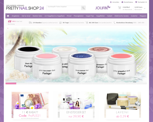 Erhalten Sie durch Gutscheine Rabatte auf das gesamte Sortiment im Prettynailshop24. Hier erhalten Sie unter anderem Startersets für eine Maniküre mit UV-Licht, Gel und Acryl, aber auch einfache Nagellacke, Feilen, Pinsel und Sticker von der Eigenmarke Jolifin. Mit einem Prettynailshop24-Gutschein profitieren Sie von exklusiven Rabattvorteilen.
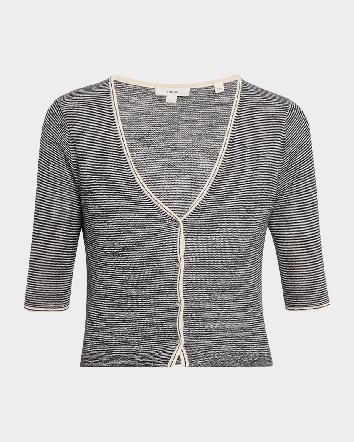 - Vince micro-stripe cardigan crafted from a luxurious cashmere-silk blend - V neckline - Three-quarter sleeves - Classic fit - Hem sits at the hip - Button-front - Cashmere/silk - Hand wash or dry clean - Imported
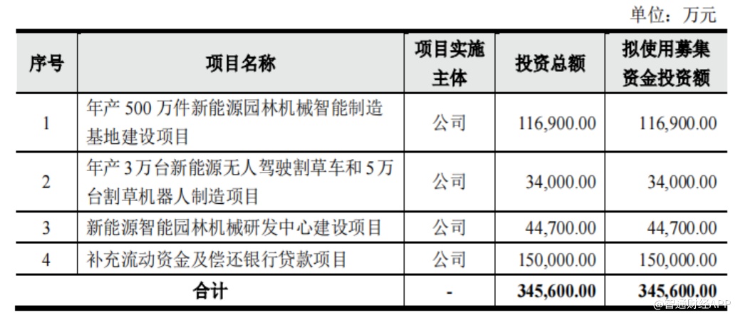 不过,从格力博上市募资意欲大幅提高产能的情形来看,公司似乎并不畏惧未来竞争压力升级。据悉,格力博本次上市拟募资34.56亿元,其中11.69亿元用于年产500万件新能源园林机械智能制造基地建设项目;3.4亿元用于年产3万台新能源无人驾驶割草车和5万台割草机器人制造项目。
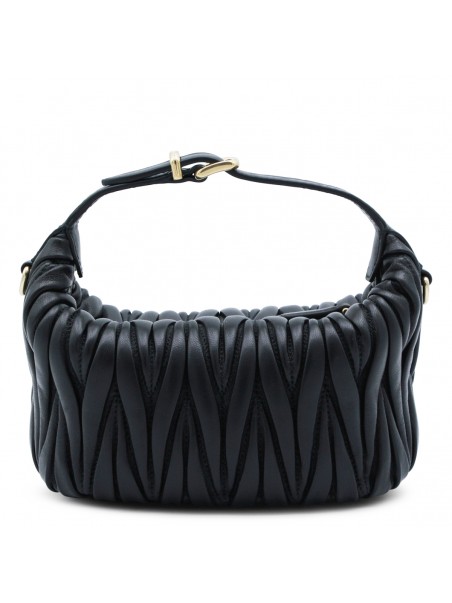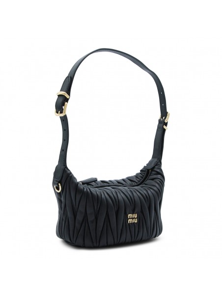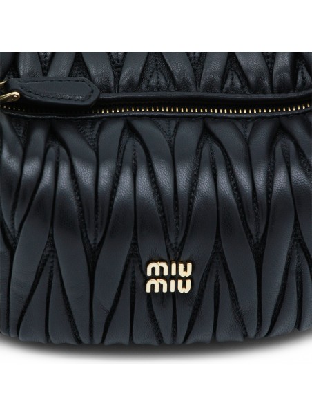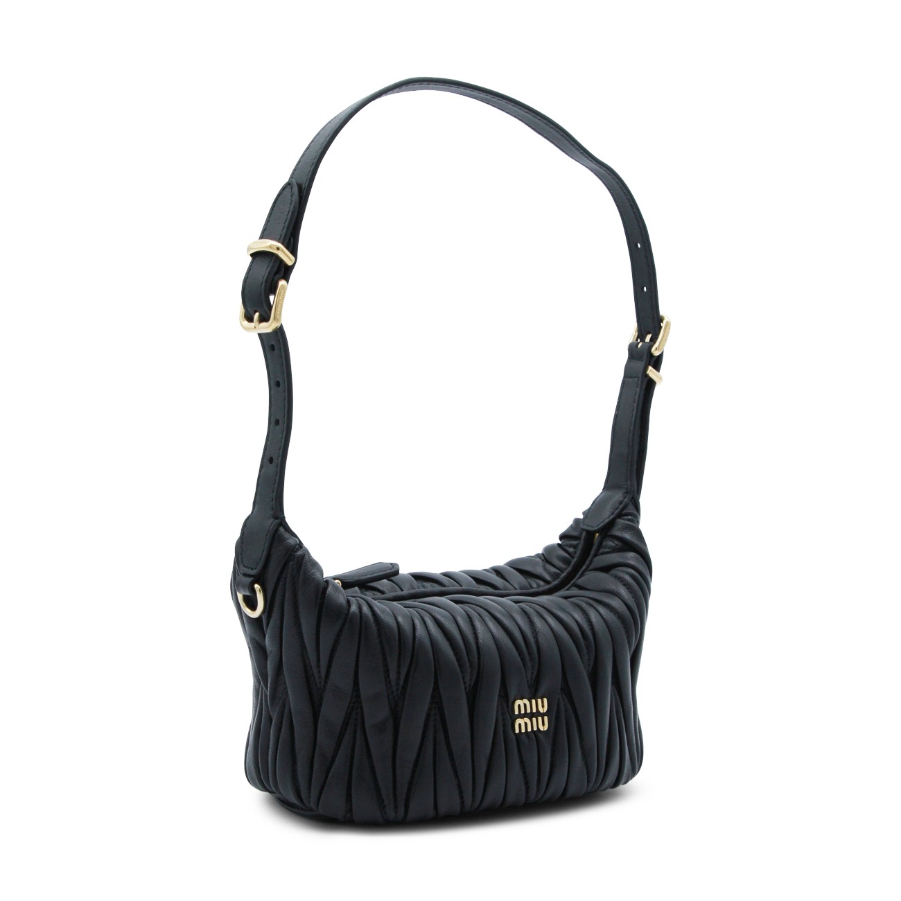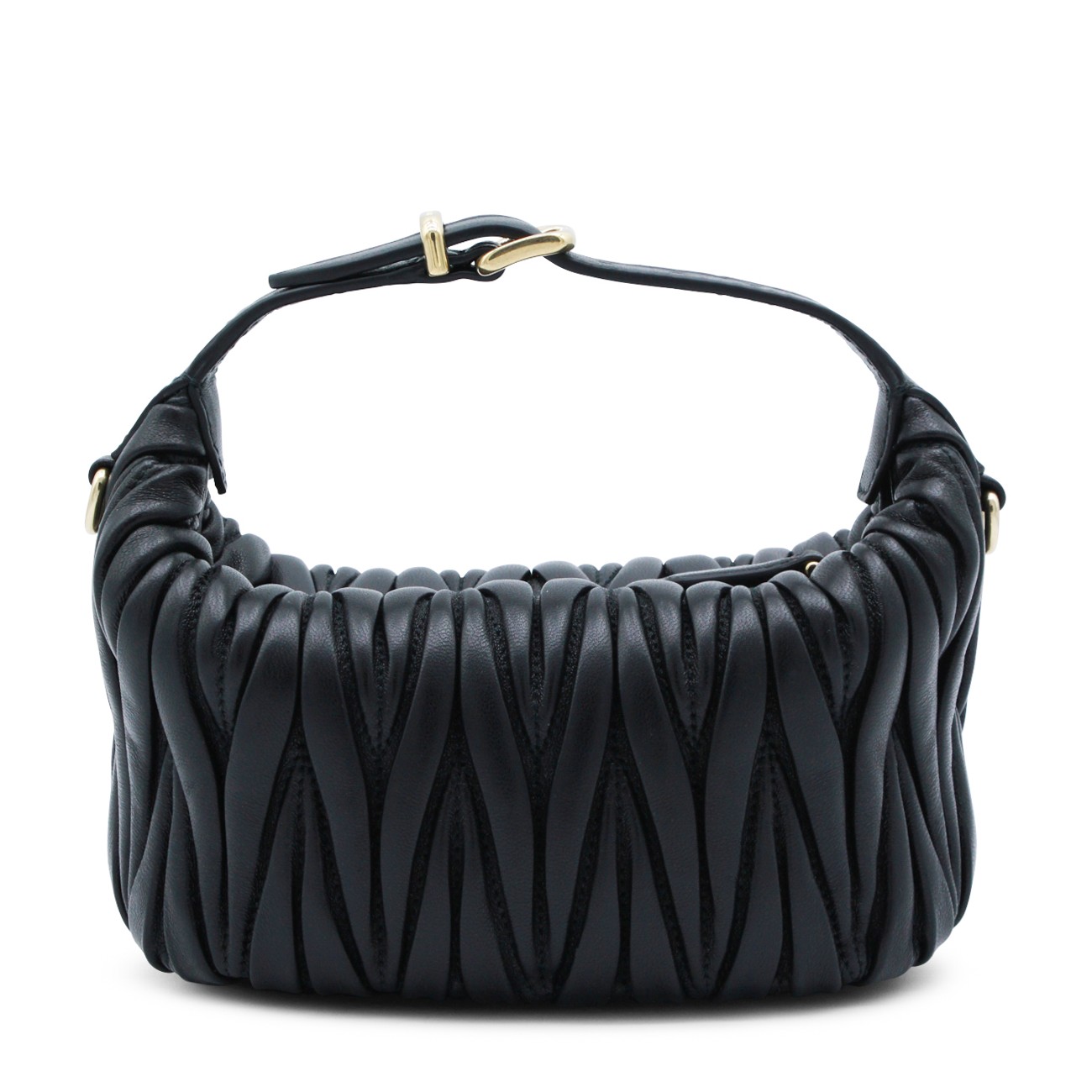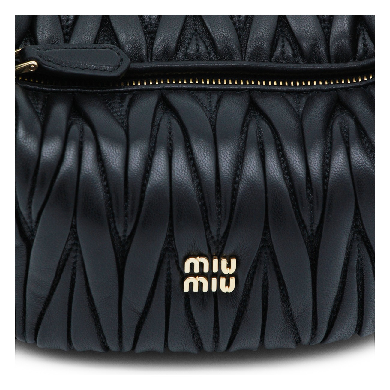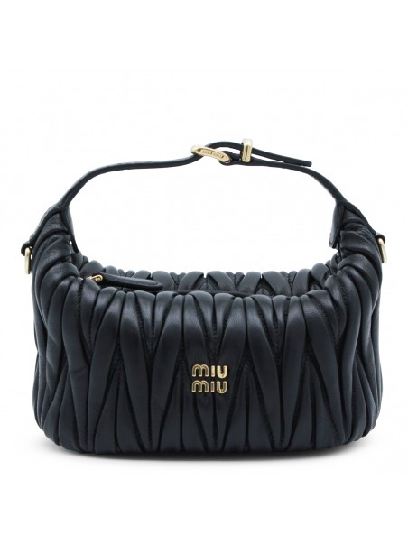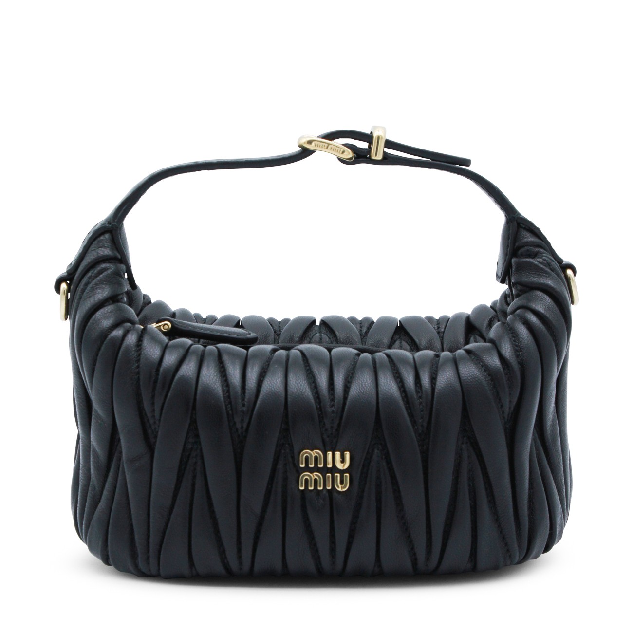 Black leather mini bag from Miu Miu featuring top handle, zip fastening, main compartment, internal zip pocket, golden hardware,frontal logo detail and all over details.
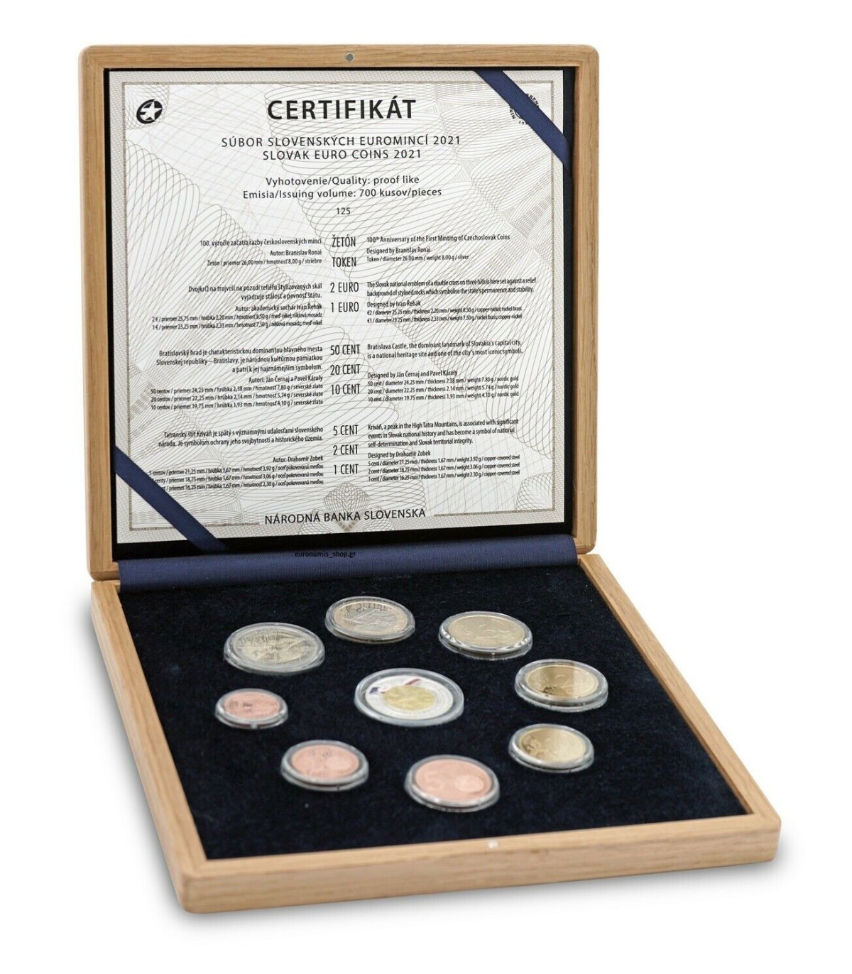 Geschenkset Belle Epreuve Slovaquie zum Thema 100 Jahre erste tschechoslowakische Münzen der Kremnica MintEinschließlich der Münzen mit dem Jahrgang 2021 sowie einer Silbermedaille
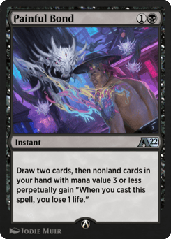 Draw two cards, then cards in your hand with mana value 3 or greater perpetually gain "When you cast this spell, you lose 1 life."
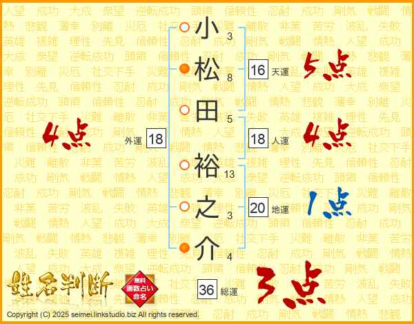 小(3画)松(8画)田(5画) 裕(13画)之(3画)介(4画)

**EXERCISE GOAL**. From the line that contains "Geschenkset Belle Epreuve" to the end of the listing, give every line again exactly as written. Leave the pictures out.

**RESULT OF THE EXERCISE**.
 Geschenkset Belle Epreuve Slovaquie zum Thema 100 Jahre erste tschechoslowakische Münzen der Kremnica MintEinschließlich der Münzen mit dem Jahrgang 2021 sowie einer Silbermedaille
 Draw two cards, then cards in your hand with mana value 3 or greater perpetually gain "When you cast this spell, you lose 1 life."
 小(3画)松(8画)田(5画) 裕(13画)之(3画)介(4画)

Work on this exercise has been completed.